• **Exercise details**
In the entries below, find the line with "2. Gotowe ciasto, przełóż" and the line with "Zustand, siehe Scan, gelaufen, 1954"; copy them and every line between them exactly, but not the pictures.

*** Begin section ***

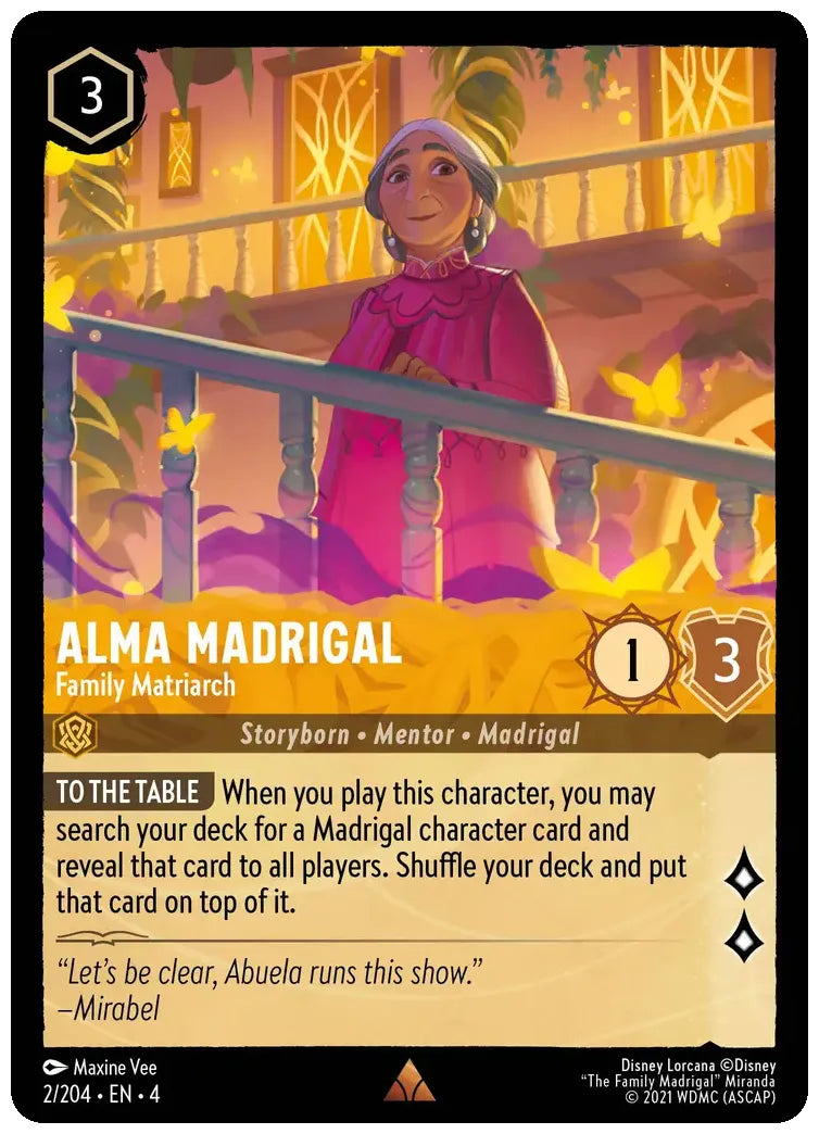 When you play this character, look at your deck. You may reveal a Madrigal character card. Shuffle your deck and put that card on top of your deck.
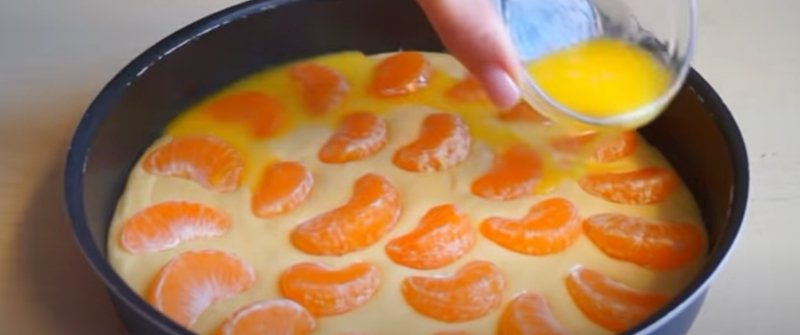 2. Gotowe ciasto, przełóż do formy wysmarowanej masłem i wygładź. Na wierzchu, poukładaj cząstki mandarynek, posyp 2 łyżkami cukru i polej roztopionym masłem.
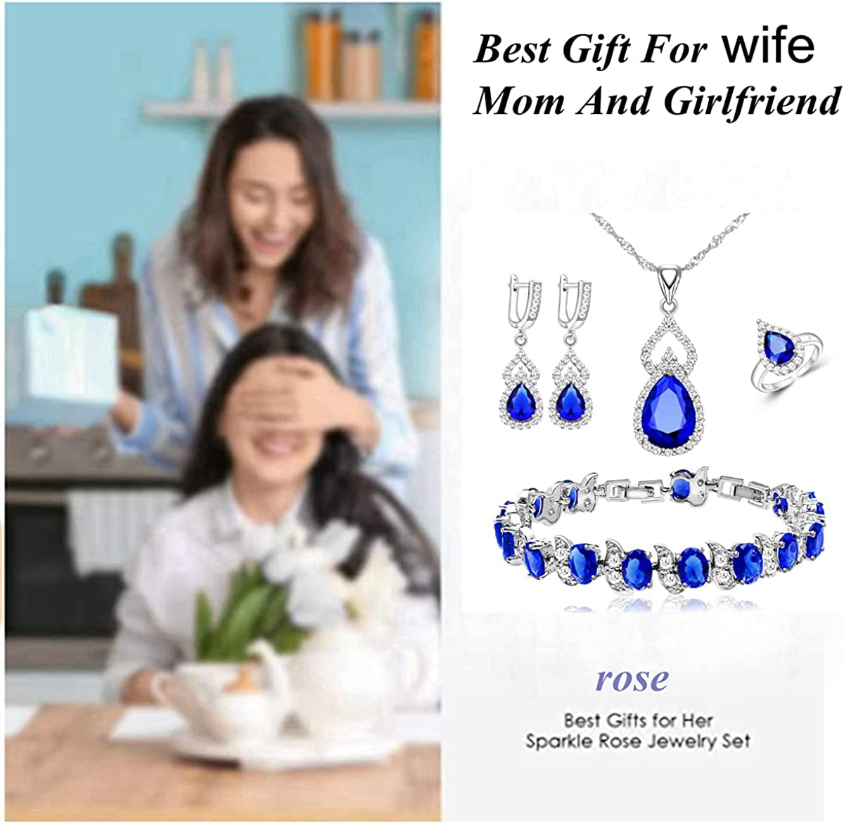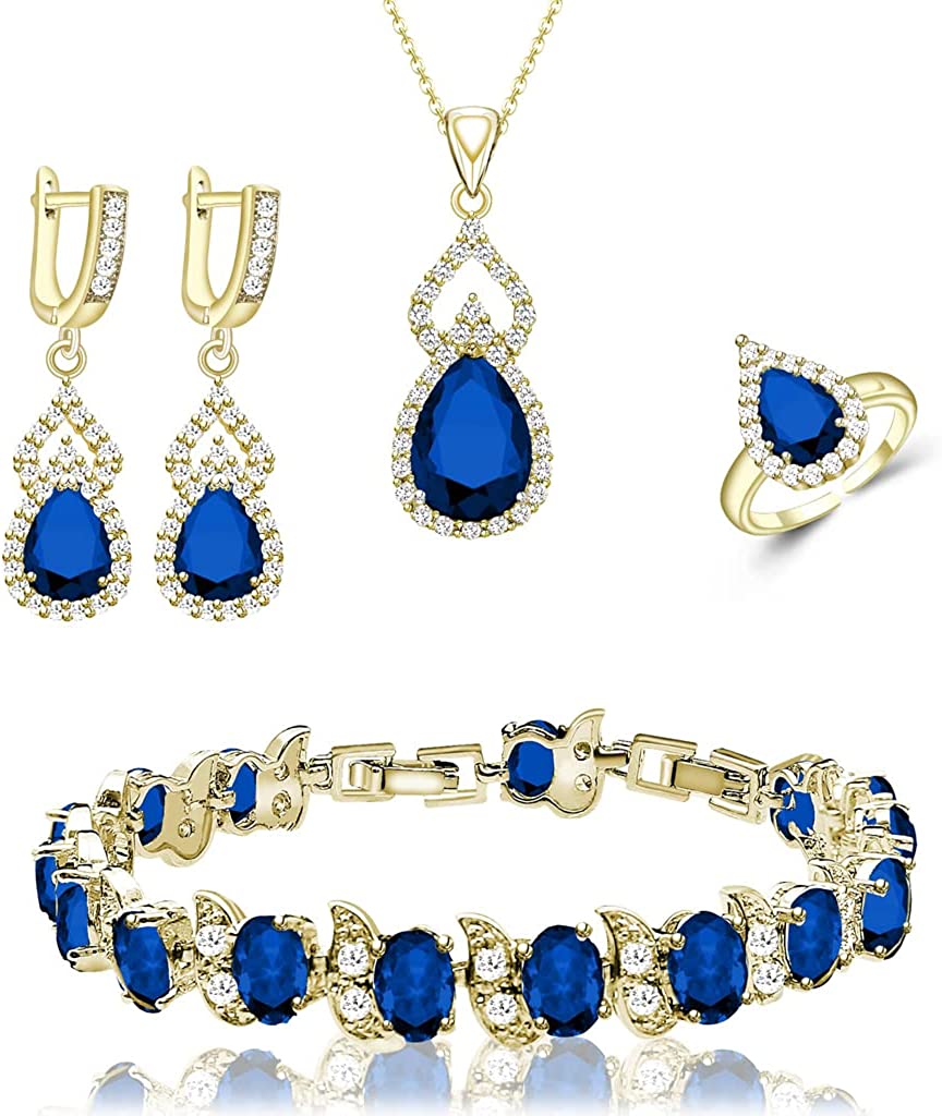 ❤High Quality Material:❤ This Women's Jewellery Set is made of White Gold Plated ,Main stone is Created Blue Sapphire ,Side stone is White cubic zirconia. High Polished. Nickel-free, Hypoallergenic and Shiny Forever. Will not change the color, health and environmental protection.
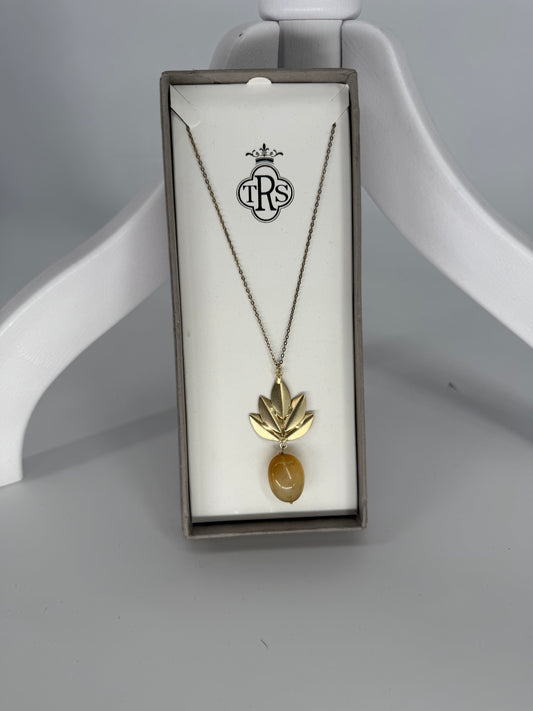 Gold Leaf Design Necklace with Natural Stone Pendant and Gold Leaf Design Bracelet
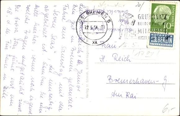 Zustand, siehe Scan, gelaufen, 1954 - ca 14 cm X 9 cm
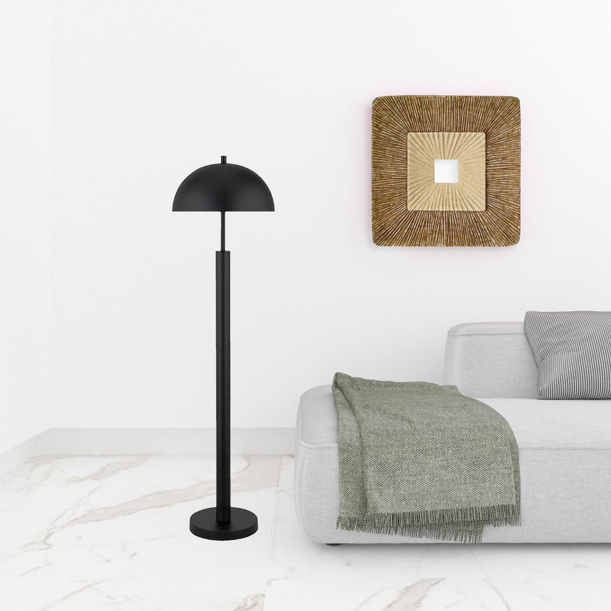 Bring of level of elegance and charm to your space with this good looking 58" black traditional shaped floor lamp with black dome shade. A gorgeous black metal base bring just the right amount of pizzazz to this fabulous lamp. The lamp shade itself has a dome shape and is made of metal, which makes it a perfect choice. Classically styled, this traditional lamp features a straight pole that extends upwards from a single base. High quality design makes this a great lamp for not only lighting, but accenting a room with style. The perfect lamp to create just the right natural and soothing light in your space. 58" H x 15" W x 15" D

*** End section ***

• **Output for this exercise**
 2. Gotowe ciasto, przełóż do formy wysmarowanej masłem i wygładź. Na wierzchu, poukładaj cząstki mandarynek, posyp 2 łyżkami cukru i polej roztopionym masłem.
 ❤High Quality Material:❤ This Women's Jewellery Set is made of White Gold Plated ,Main stone is Created Blue Sapphire ,Side stone is White cubic zirconia. High Polished. Nickel-free, Hypoallergenic and Shiny Forever. Will not change the color, health and environmental protection.
 Gold Leaf Design Necklace with Natural Stone Pendant and Gold Leaf Design Bracelet
 Zustand, siehe Scan, gelaufen, 1954 - ca 14 cm X 9 cm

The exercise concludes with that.